# Catfish line



## rattlin jones (Nov 16, 2012)

bought this from bass pro 10$ for 600 yards never used it before . Anybody fish with this line and if so do you like it . I will be putting on my clicker reel it's a Daiwa millionaire . Mostly catch channels and blues. Thank you


----------



## Cajunsaugeye (Apr 9, 2013)

A bait clicker,for me,pretty much negates the need for "glow" lines. But cats don't usually mind the color.


----------



## rattlin jones (Nov 16, 2012)

Cajunsaugeye said:


> A bait clicker,for me,pretty much negates the need for "glow" lines.
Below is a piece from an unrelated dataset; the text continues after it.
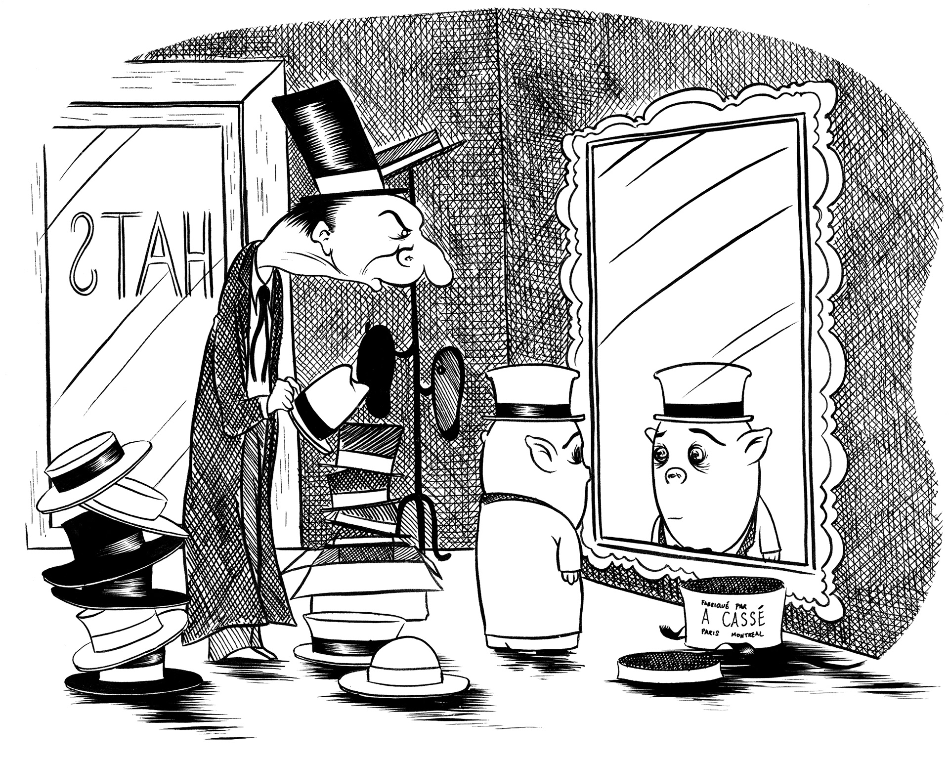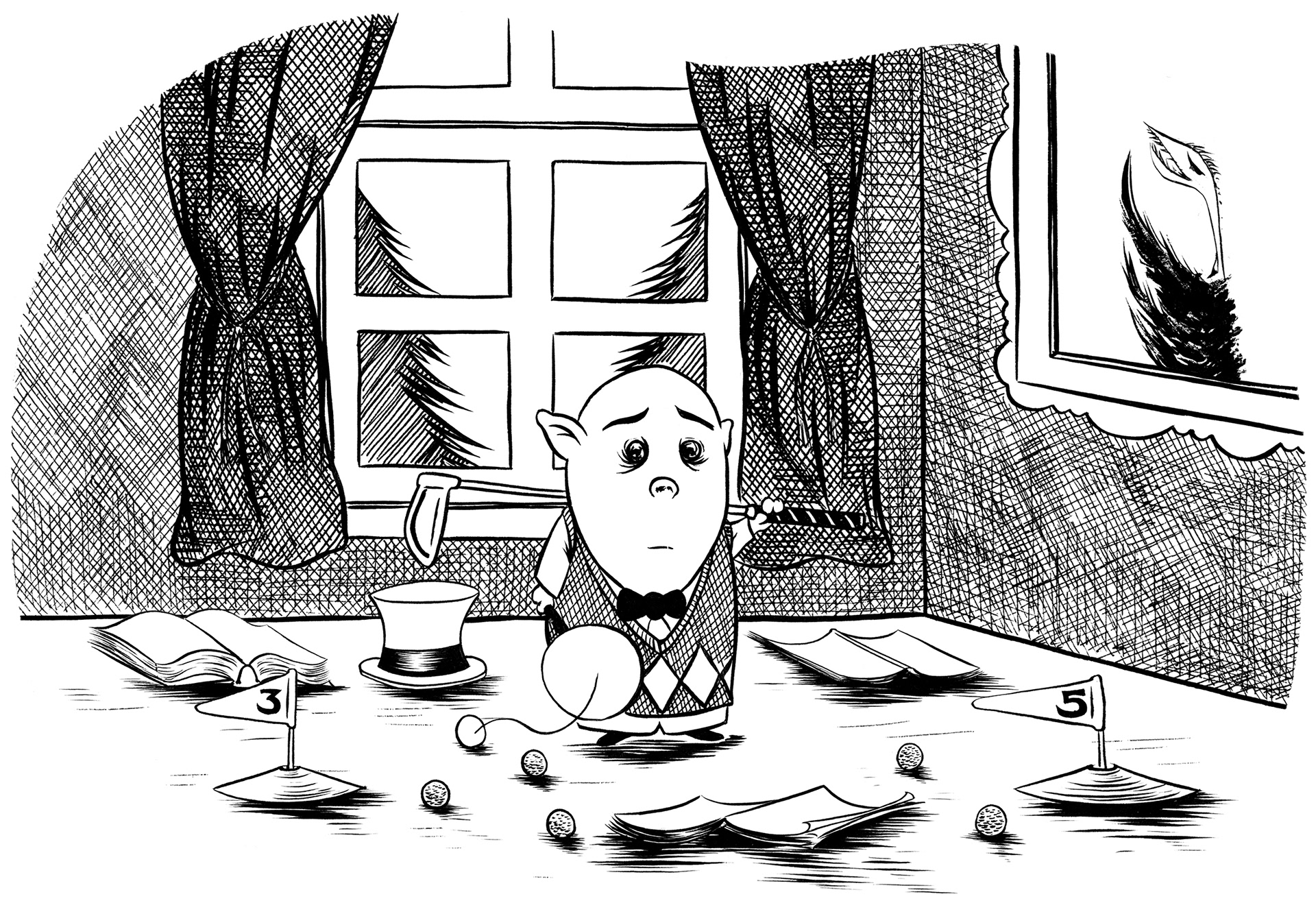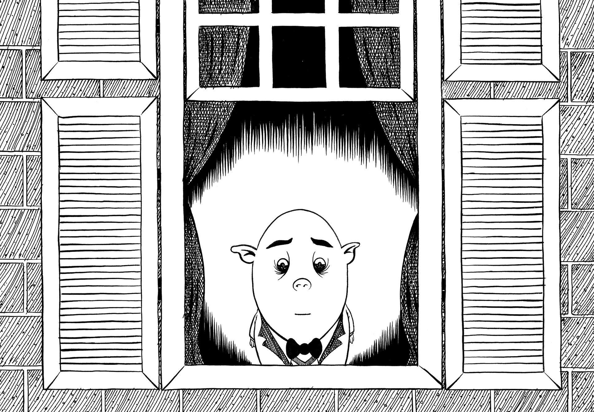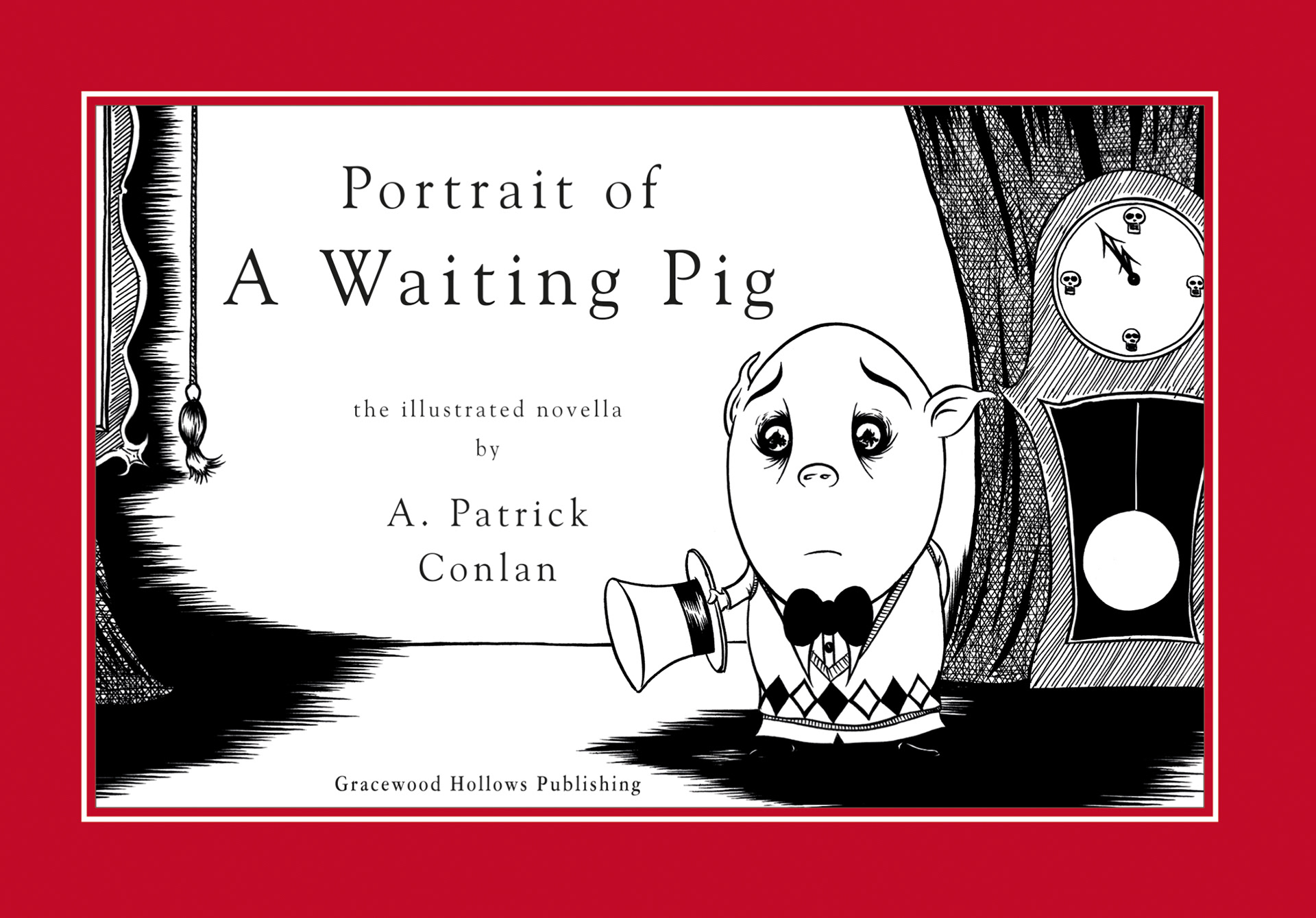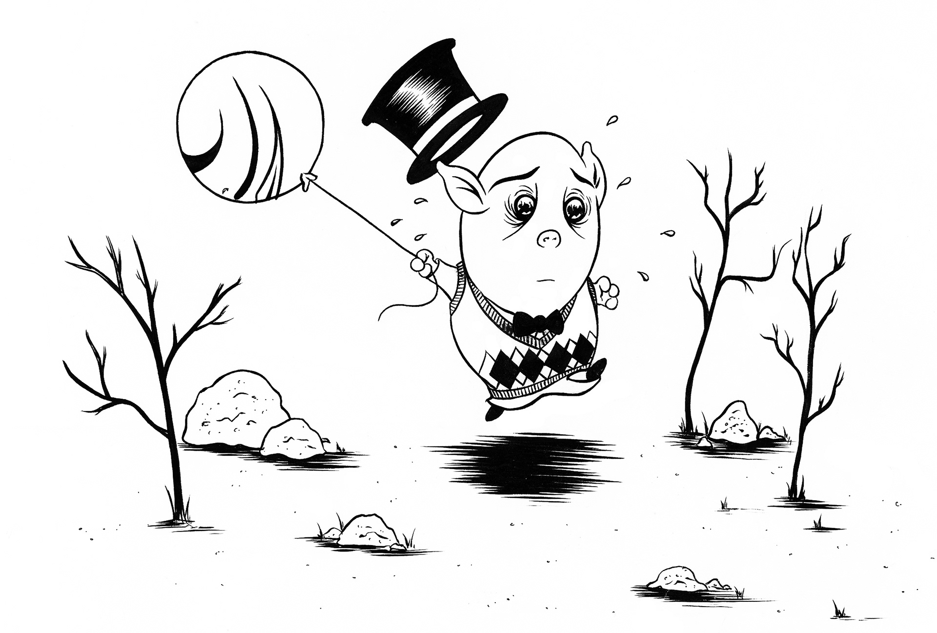 Black and white line art illustration for the digital version of The Waiting Pig.

But cats don't usually mind the color.


 I have noticed before I will get bites without the clicker going off most of the time smaller cats though I do like line I can see especially at dusk and dawn. And this line is very visible


----------



## FINMAN (Apr 14, 2004)

I used it last year Jones, I think it has a little better abrasion resistance than the Big Game. To me the only drawback was that the orange doesn't glow as far down to the water as the green or yellow monos under the blacklight. I also like the Stren Magna flex in neon (yellow).


----------



## rattlin jones (Nov 16, 2012)

FINMAN said:


> I used it last year Jones, I think it has a little better abrasion resistance than the Big Game. To me the only drawback was that the orange doesn't glow as far down to the water as the green or yellow monos under the blacklight. I also like the Stren Magna flex in neon (yellow).


Thanks fin man , should be testing it out Tmw, ice off cats at alum creek .


----------